* Activity
Below are records with pictures. Transcribe exactly, and only, the lines from the line with "背面下にはコード収納スペース" to the line with "You can share", both ends included, but not the pictures.

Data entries
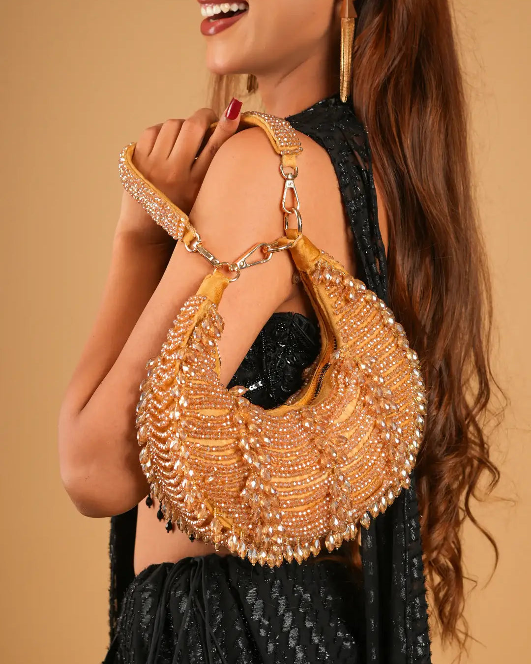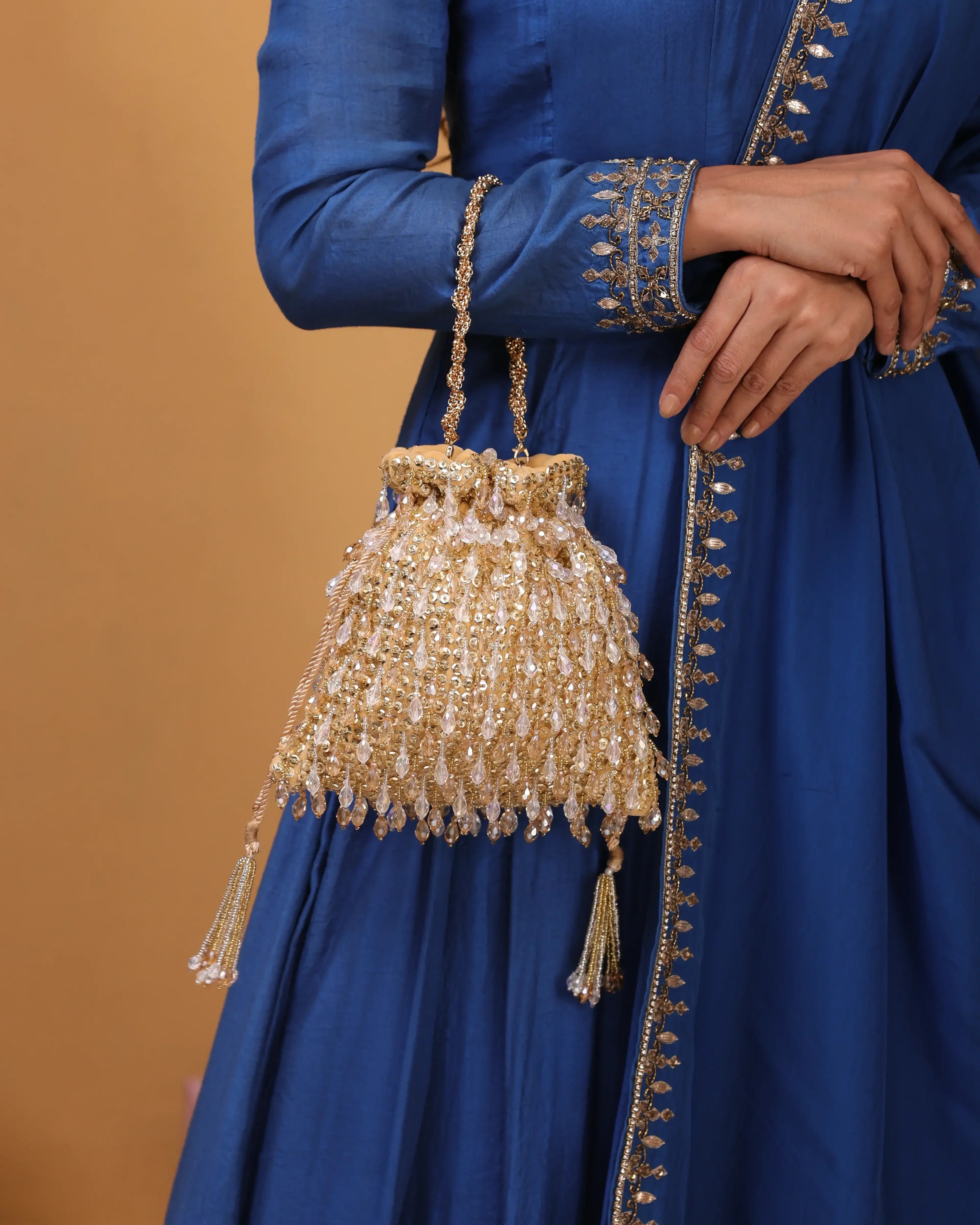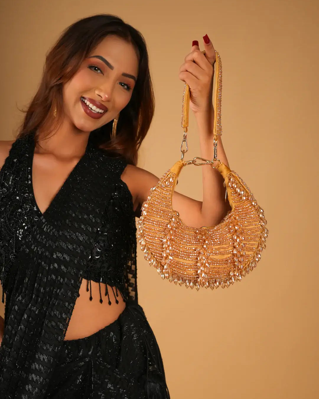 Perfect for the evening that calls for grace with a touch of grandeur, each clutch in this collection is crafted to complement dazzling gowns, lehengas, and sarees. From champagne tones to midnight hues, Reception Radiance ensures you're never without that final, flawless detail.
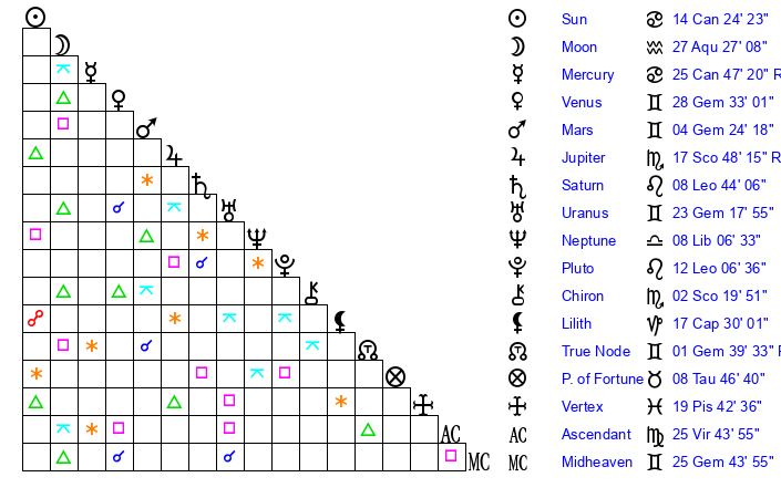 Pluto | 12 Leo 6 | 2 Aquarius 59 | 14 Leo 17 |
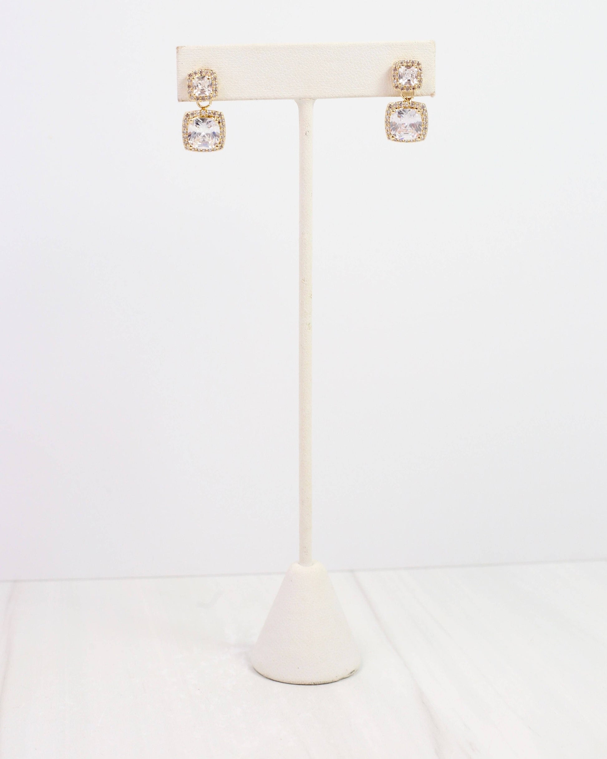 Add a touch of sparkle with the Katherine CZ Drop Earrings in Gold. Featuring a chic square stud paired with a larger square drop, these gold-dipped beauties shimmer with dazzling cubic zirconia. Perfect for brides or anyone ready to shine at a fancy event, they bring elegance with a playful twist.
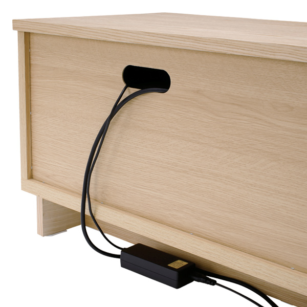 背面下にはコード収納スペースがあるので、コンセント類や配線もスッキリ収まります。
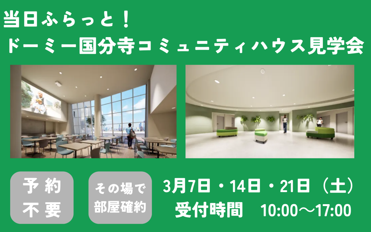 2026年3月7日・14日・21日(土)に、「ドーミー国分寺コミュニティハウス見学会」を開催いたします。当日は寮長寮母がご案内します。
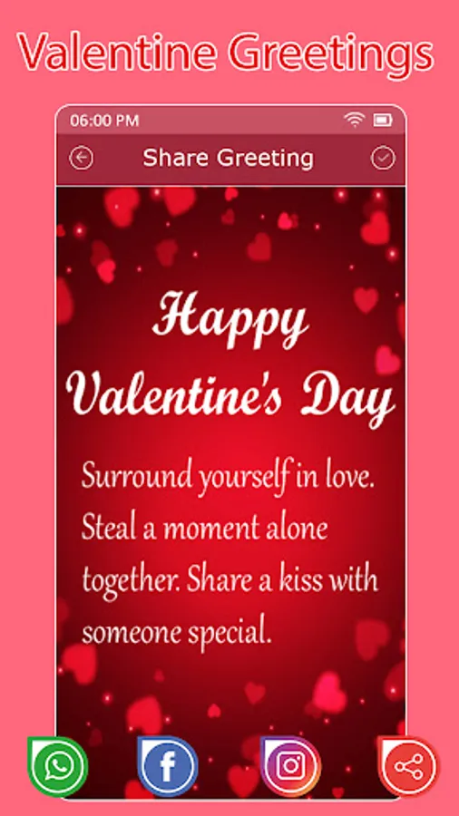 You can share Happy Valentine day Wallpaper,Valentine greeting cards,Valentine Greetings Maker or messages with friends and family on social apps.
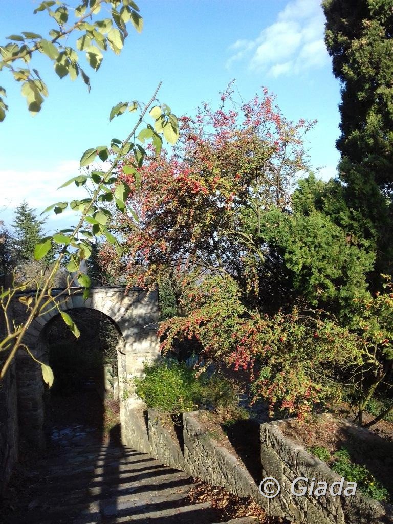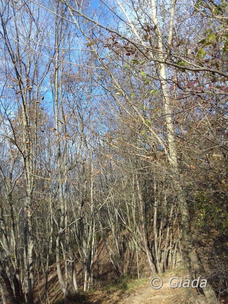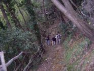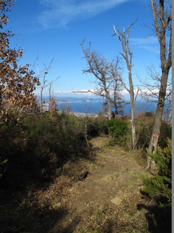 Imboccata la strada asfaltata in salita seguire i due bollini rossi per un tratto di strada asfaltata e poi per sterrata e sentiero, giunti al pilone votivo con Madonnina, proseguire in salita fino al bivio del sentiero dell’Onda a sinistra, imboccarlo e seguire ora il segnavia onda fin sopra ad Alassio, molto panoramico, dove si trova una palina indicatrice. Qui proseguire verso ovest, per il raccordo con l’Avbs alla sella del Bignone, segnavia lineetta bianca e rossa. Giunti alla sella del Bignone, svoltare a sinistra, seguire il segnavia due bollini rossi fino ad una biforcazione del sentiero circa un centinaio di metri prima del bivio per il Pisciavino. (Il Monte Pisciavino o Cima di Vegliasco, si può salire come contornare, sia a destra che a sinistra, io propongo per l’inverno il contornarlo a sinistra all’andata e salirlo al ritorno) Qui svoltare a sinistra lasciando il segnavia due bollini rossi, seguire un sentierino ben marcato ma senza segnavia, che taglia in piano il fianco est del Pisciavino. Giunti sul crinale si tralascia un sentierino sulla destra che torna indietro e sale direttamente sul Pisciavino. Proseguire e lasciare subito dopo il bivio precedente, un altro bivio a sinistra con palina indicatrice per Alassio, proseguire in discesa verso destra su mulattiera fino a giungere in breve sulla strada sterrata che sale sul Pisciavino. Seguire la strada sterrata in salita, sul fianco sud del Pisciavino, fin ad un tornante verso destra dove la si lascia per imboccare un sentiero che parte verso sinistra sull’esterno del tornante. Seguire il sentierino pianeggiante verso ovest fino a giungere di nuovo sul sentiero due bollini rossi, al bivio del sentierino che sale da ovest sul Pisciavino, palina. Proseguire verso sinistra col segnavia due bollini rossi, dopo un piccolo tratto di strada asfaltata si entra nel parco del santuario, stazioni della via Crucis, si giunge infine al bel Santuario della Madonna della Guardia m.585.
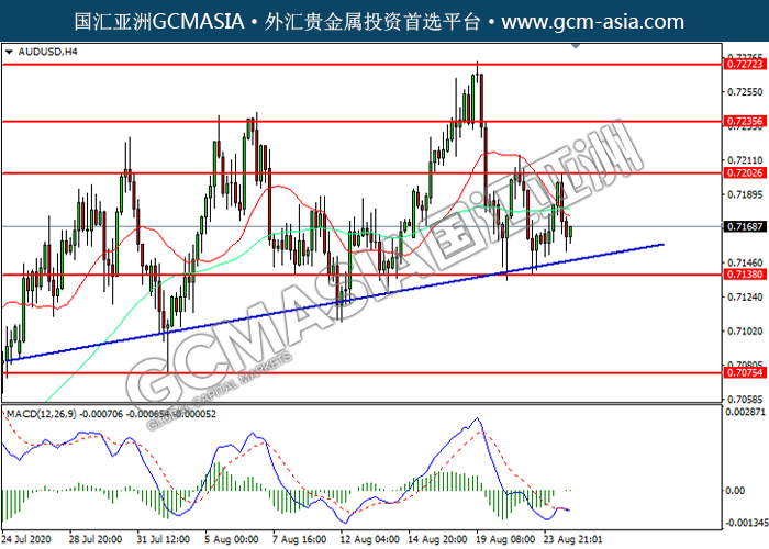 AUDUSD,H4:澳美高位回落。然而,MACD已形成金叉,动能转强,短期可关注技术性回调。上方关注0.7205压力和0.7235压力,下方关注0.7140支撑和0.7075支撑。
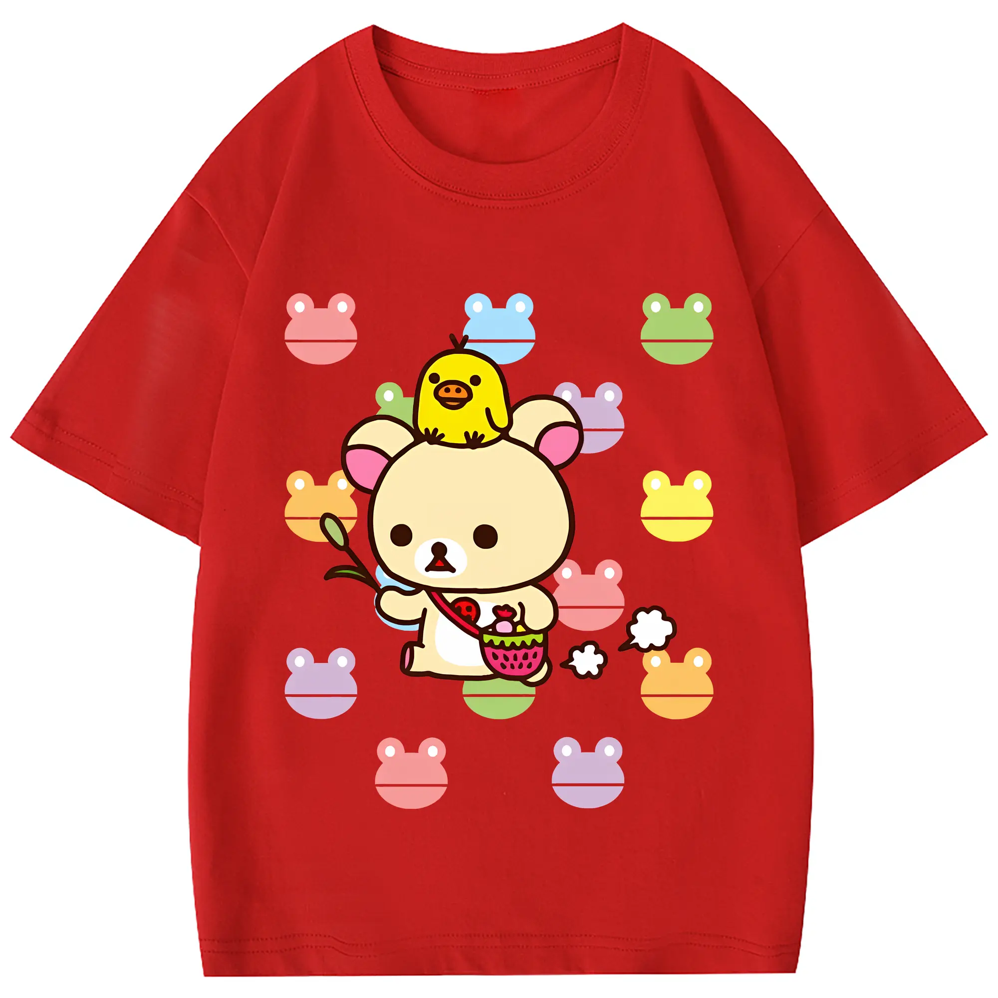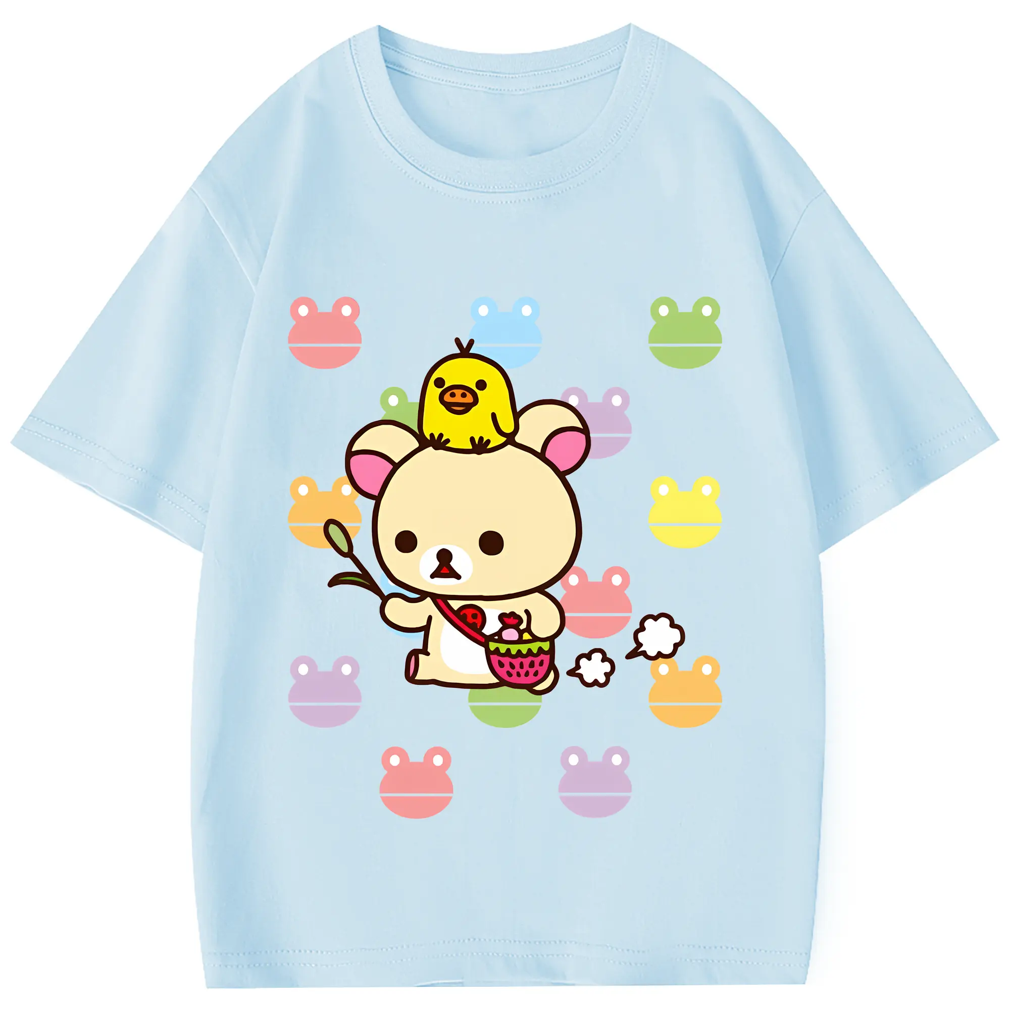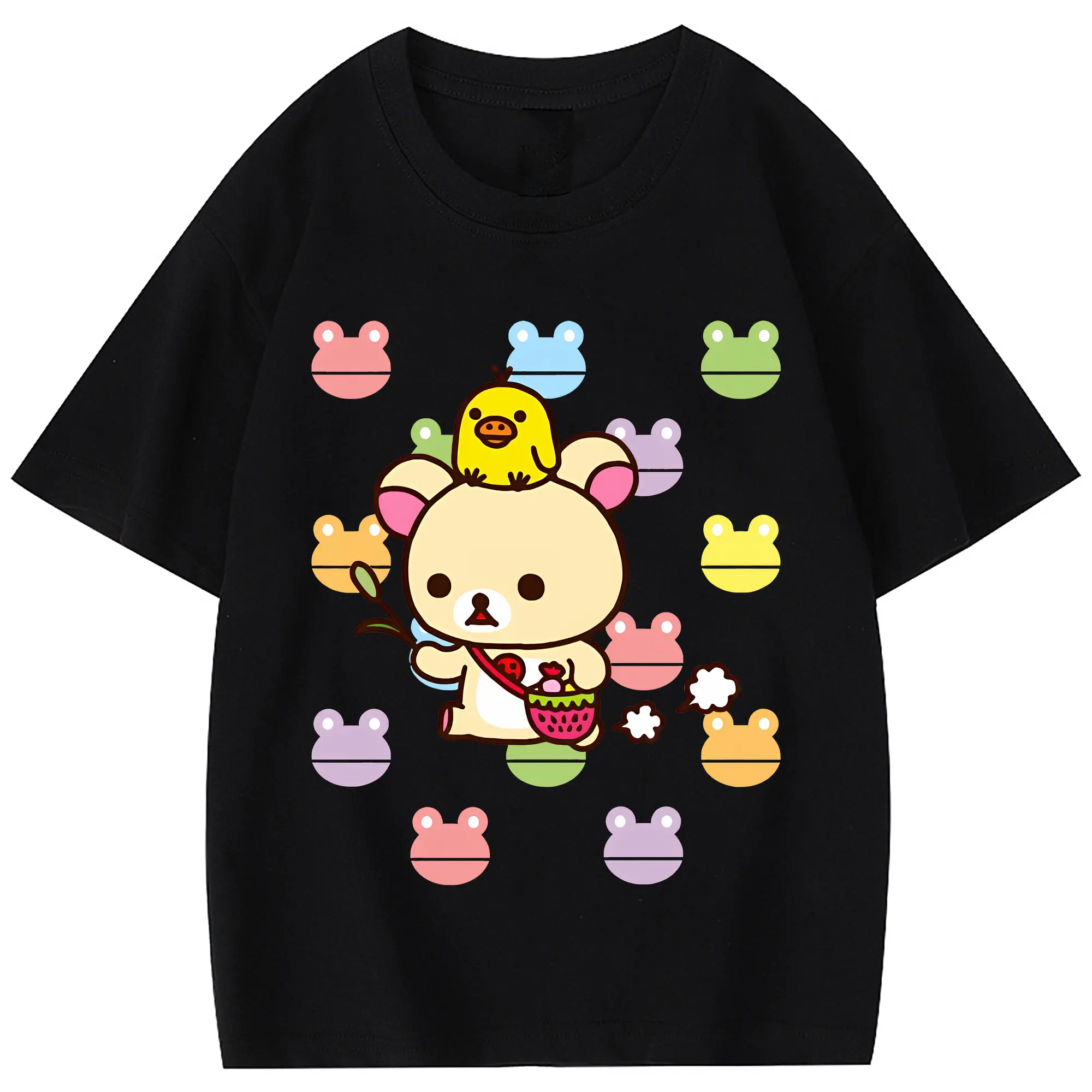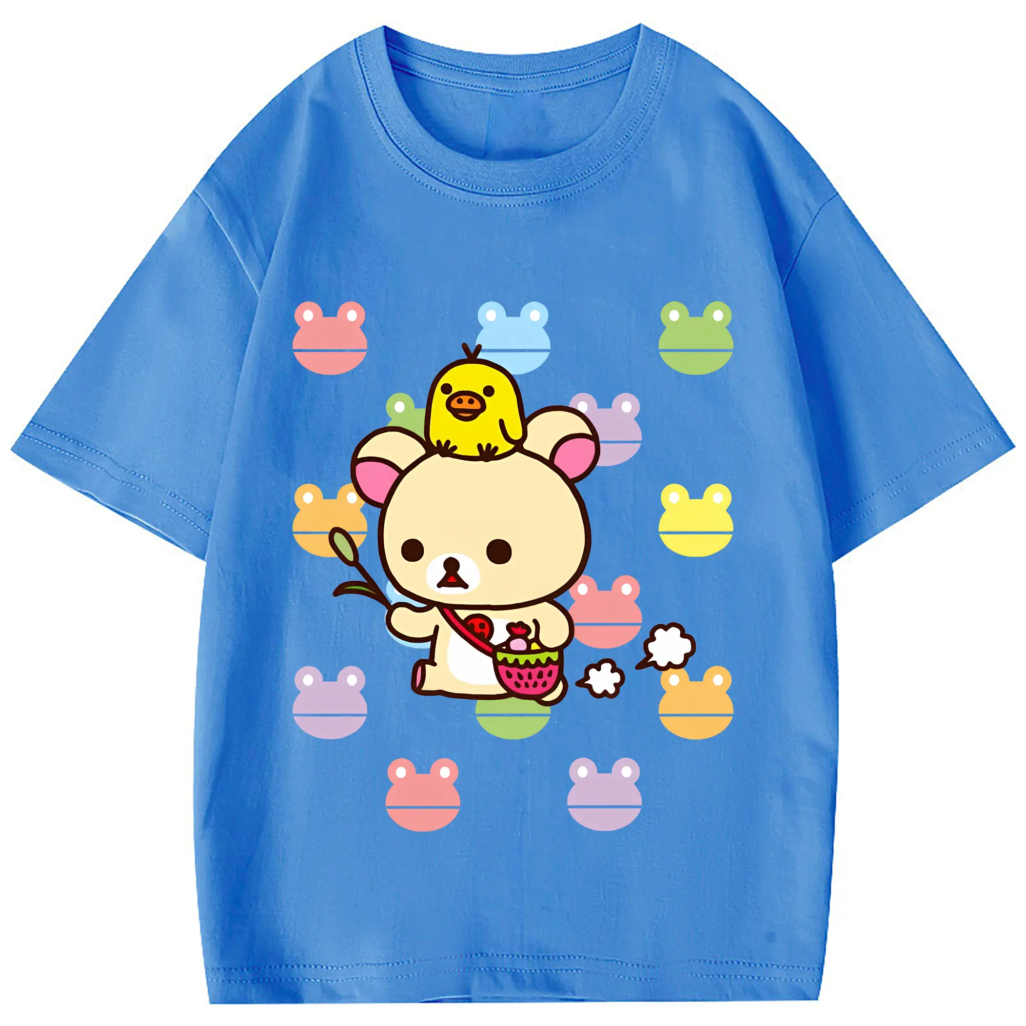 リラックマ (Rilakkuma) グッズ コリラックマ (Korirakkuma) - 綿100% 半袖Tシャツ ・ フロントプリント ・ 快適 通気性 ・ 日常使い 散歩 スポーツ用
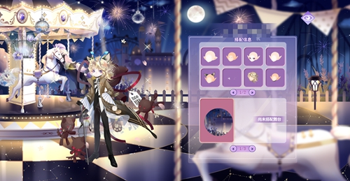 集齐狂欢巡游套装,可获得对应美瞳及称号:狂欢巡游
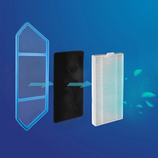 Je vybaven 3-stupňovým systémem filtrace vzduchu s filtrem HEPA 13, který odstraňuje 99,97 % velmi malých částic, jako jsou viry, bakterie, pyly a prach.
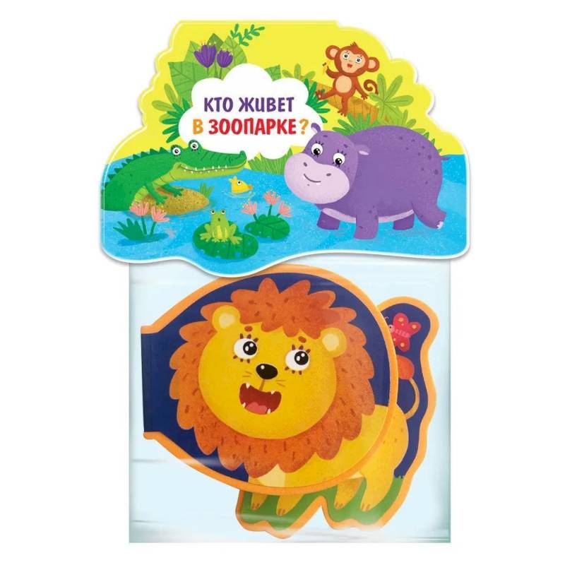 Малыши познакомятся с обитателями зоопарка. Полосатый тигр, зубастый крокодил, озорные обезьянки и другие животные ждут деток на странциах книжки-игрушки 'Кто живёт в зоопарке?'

* Solution
 背面下にはコード収納スペースがあるので、コンセント類や配線もスッキリ収まります。
 2026年3月7日・14日・21日(土)に、「ドーミー国分寺コミュニティハウス見学会」を開催いたします。当日は寮長寮母がご案内します。
 You can share Happy Valentine day Wallpaper,Valentine greeting cards,Valentine Greetings Maker or messages with friends and family on social apps.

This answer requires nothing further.